In this model, \(e^{\beta_1}\) gives the adjusted odds ratio for exercise, controlling for age, sex, and smoking status. This is the logistic regression analog of the adjusted coefficient in multiple linear regression.

mod_multi <- glm(fmd ~ exercise + age + sex + smoker + sleep_hrs + income_cat,
                 data = brfss_logistic,
                 family = binomial(link = "logit"))

mod_multi |>
  tbl_regression(
    exponentiate = TRUE,
    label = list(
      exercise   ~ "Exercise (past 30 days)",
      age        ~ "Age (per year)",
      sex        ~ "Sex",
      smoker     ~ "Smoking status",
      sleep_hrs  ~ "Sleep hours (per hour)",
      income_cat ~ "Income category (per unit)"
    )
  ) |>
  bold_labels() |>
  bold_p()
Characteristic OR 95% CI p-value
Exercise (past 30 days)


    No
    Yes 0.61 0.51, 0.73 <0.001
Age (per year) 0.97 0.97, 0.98 <0.001
Sex


    Male
    Female 1.67 1.42, 1.96 <0.001
Smoking status


    Former/Never
    Current 1.25 1.05, 1.48 0.012
Sleep hours (per hour) 0.81 0.77, 0.86 <0.001
Income category (per unit) 0.85 0.82, 0.89 <0.001
Abbreviations: CI = Confidence Interval, OR = Odds Ratio

Interpretation: Each odds ratio in this table is adjusted for all other variables in the model. Compare these adjusted ORs to the crude (unadjusted) ORs from the simple models. If they differ substantially, confounding is present. We will explore this more thoroughly in Part 2 next lecture.
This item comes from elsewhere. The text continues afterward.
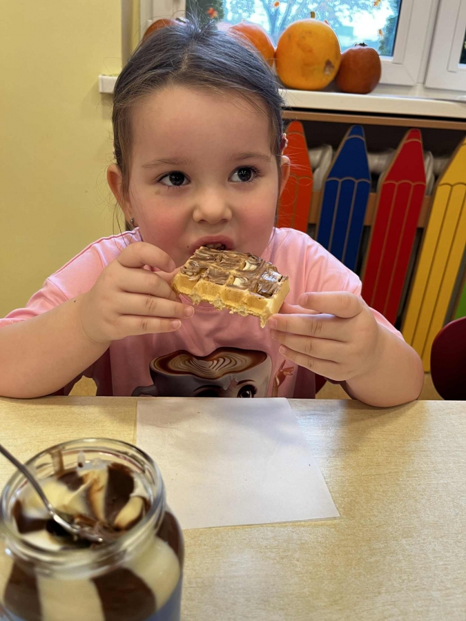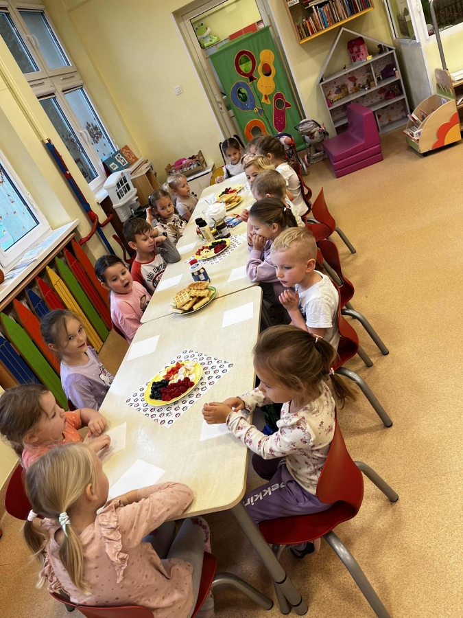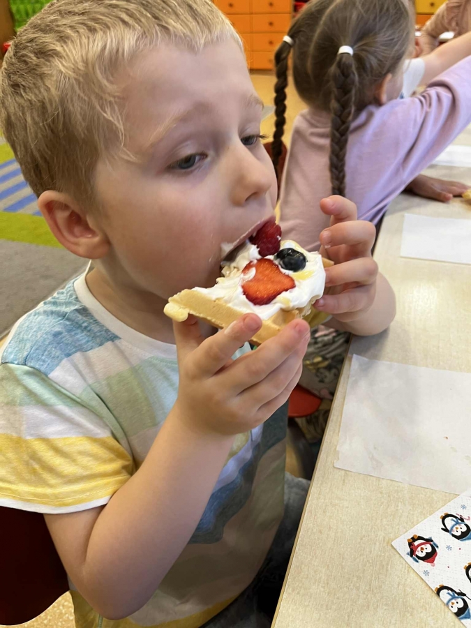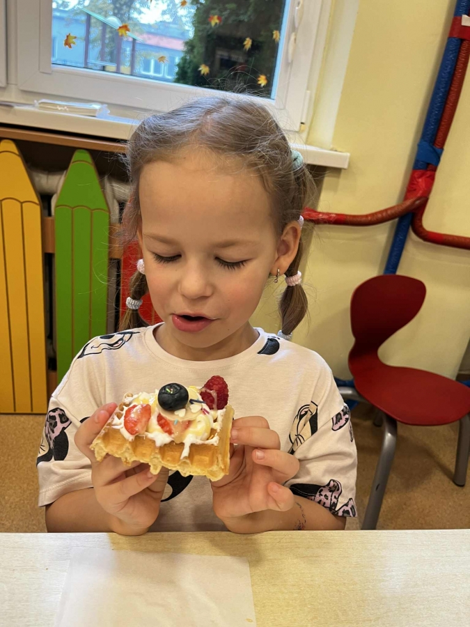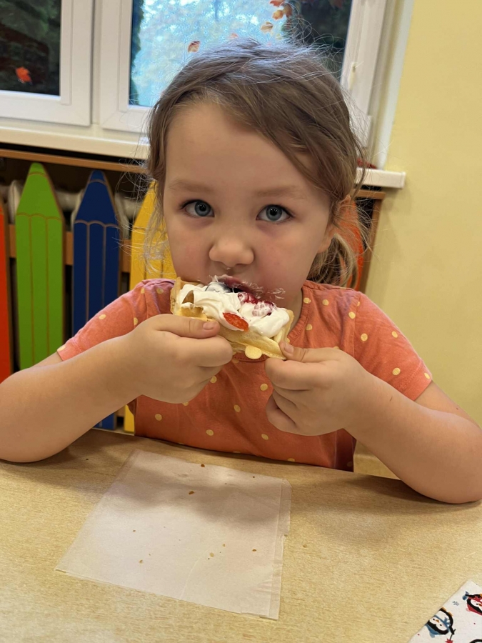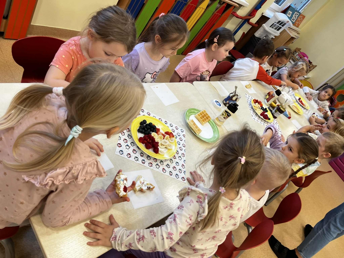 Grupa Biedronki miała dziś prawdziwie pyszny i pełen emocji dzień. Dzieci dekorowały przygotowane wcześniej gofry, korzystając z dodatków przyniesionych przez siebie i kolegów. Na stole pojawiły się kolorowe owoce, dżemiki, Nutella, bita śmietana, różne sosy oraz posypki, które pozwoliły każdemu stworzyć swoją wyjątkową i smakowitą kompozycję.

Crude vs. Adjusted Comparison

# Crude ORs from simple models
crude_exercise <- tidy(mod_exercise, exponentiate = TRUE, conf.int = TRUE) |>
  filter(term == "exerciseYes") |>
  dplyr::select(term, estimate, conf.low, conf.high) |>
  mutate(type = "Crude")

crude_smoker <- tidy(mod_smoker, exponentiate = TRUE, conf.int = TRUE) |>
  filter(term == "smokerCurrent") |>
  dplyr::select(term, estimate, conf.low, conf.high) |>
  mutate(type = "Crude")

# Adjusted ORs from multiple model
adj_exercise <- tidy(mod_multi, exponentiate = TRUE, conf.int = TRUE) |>
  filter(term == "exerciseYes") |>
  dplyr::select(term, estimate, conf.low, conf.high) |>
  mutate(type = "Adjusted")

adj_smoker <- tidy(mod_multi, exponentiate = TRUE, conf.int = TRUE) |>
  filter(term == "smokerCurrent") |>
  dplyr::select(term, estimate, conf.low, conf.high) |>
  mutate(type = "Adjusted")

bind_rows(crude_exercise, adj_exercise, crude_smoker, adj_smoker) |>
  mutate(across(c(estimate, conf.low, conf.high), \(x) round(x, 3))) |>
  kable(col.names = c("Predictor", "OR", "95% CI Lower", "95% CI Upper", "Type"),
        caption = "Crude vs. Adjusted Odds Ratios") |>
  kable_styling(bootstrap_options = "striped", full_width = FALSE)
Crude vs. Adjusted Odds Ratios
Predictor OR 95% CI Lower 95% CI Upper Type
exerciseYes 0.574 0.488 0.676 Crude
exerciseYes 0.613 0.514 0.731 Adjusted
smokerCurrent 1.959 1.675 2.291 Crude
smokerCurrent 1.247 1.050 1.480 Adjusted

Interpretation: Compare the crude and adjusted ORs for exercise and smoking. If the adjusted OR moves toward 1 (attenuates), confounding was inflating the crude association. If the adjusted OR moves away from 1, confounding was masking the true association. This comparison is fundamental to epidemiologic analysis.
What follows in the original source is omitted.